**DATA:**
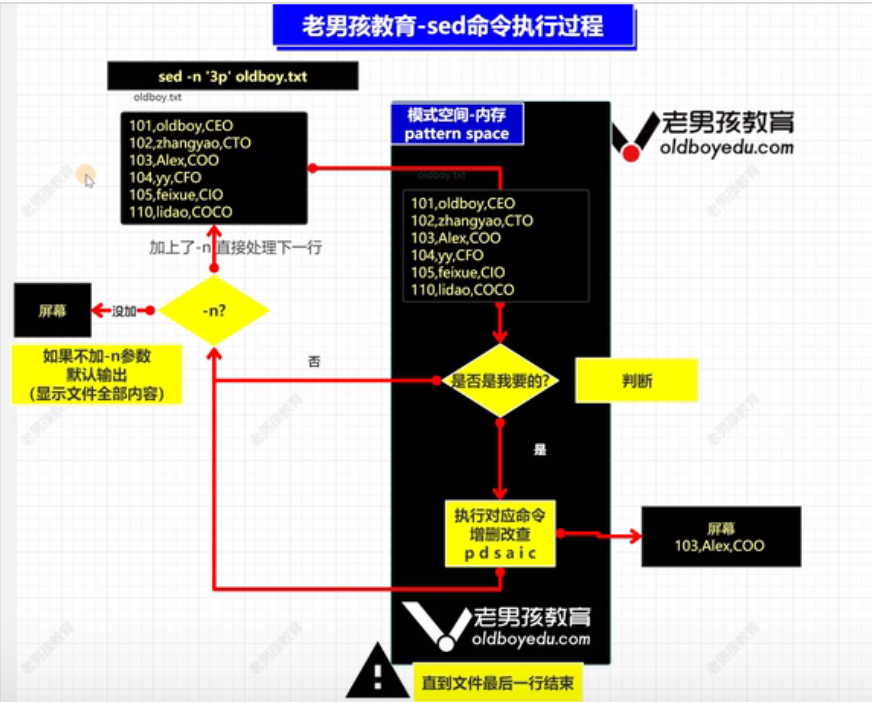 sed (stream editor)流编辑器,sed把处理的内容(文件),当作是水,源源不断的进行处理,直到文件末尾
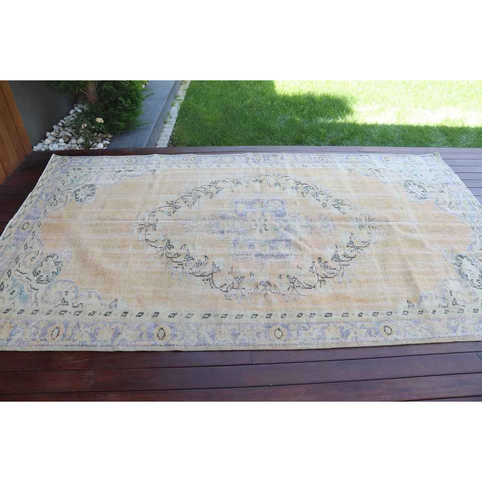 Alfombra Grande Vintage, Alfombra Turca de 5,2x8,9 pies, Alfombra de Lana Azul Ombré
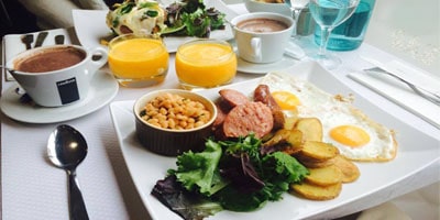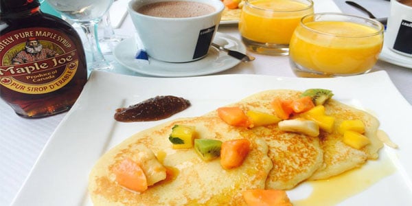 Pour la partie petit-déjeuner, choisissez votre boisson chaude (café, thé, chocolat chaud) et sirotez une orange pressé. Vous serez servi de délicieux pancakes accompagnés de fruits exotiques et de sirop d’érable, pour la gourmandise.
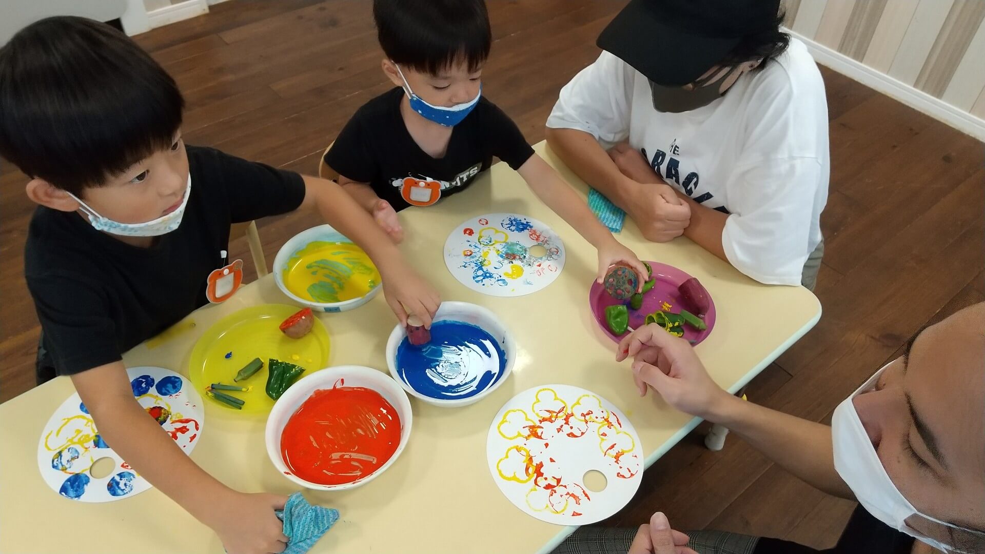 発達支援つむぎ阿佐ヶ谷ルームの9月の体験学習は、畑で野菜を植える予定でしたが、雨天のため室内での活動に変更し、「野菜スタンプを使ったうちわづくり」を実施しました。体験を通して食への興味や意識が芽生えました。また、阿佐ヶ谷ルームに畑を貸して下さっているシェアハウスの方や地域の農園の方にも一緒に参加していただき、交流ができました。
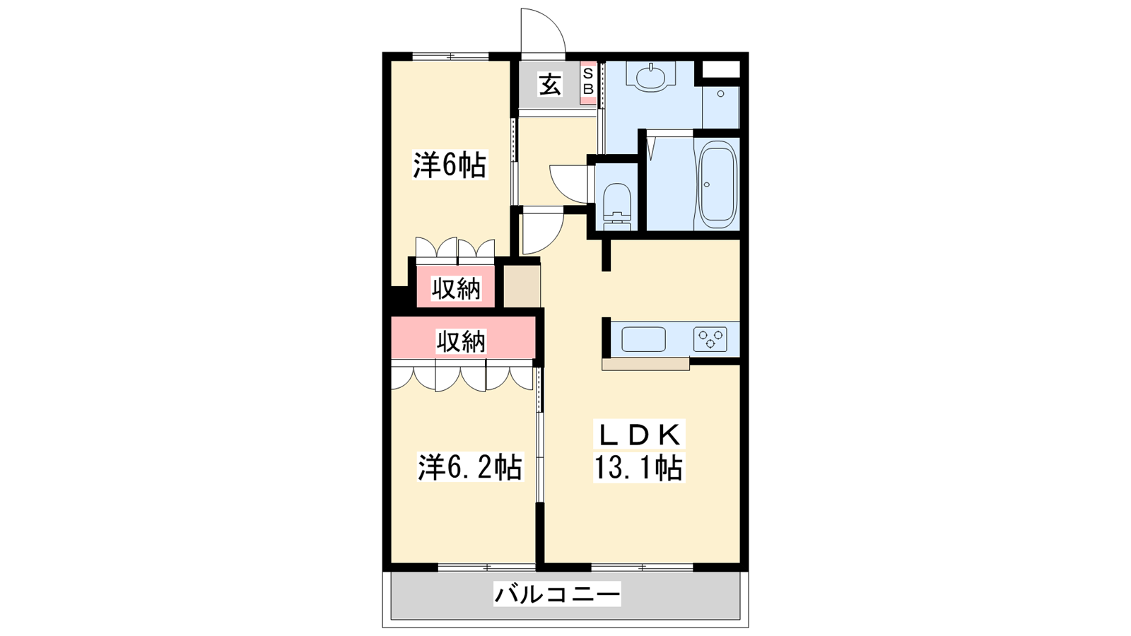 - LDK13.1帖、洋室6.2帖、洋室6帖

**WHAT IS BEING ASKED:** Set down word for word, from the line that contains "発達支援つむぎ阿佐ヶ谷ルーム" to the end of the listing above, every line and no picture.

**SOLUTION BELOW:**
 発達支援つむぎ阿佐ヶ谷ルームの9月の体験学習は、畑で野菜を植える予定でしたが、雨天のため室内での活動に変更し、「野菜スタンプを使ったうちわづくり」を実施しました。体験を通して食への興味や意識が芽生えました。また、阿佐ヶ谷ルームに畑を貸して下さっているシェアハウスの方や地域の農園の方にも一緒に参加していただき、交流ができました。
 - LDK13.1帖、洋室6.2帖、洋室6帖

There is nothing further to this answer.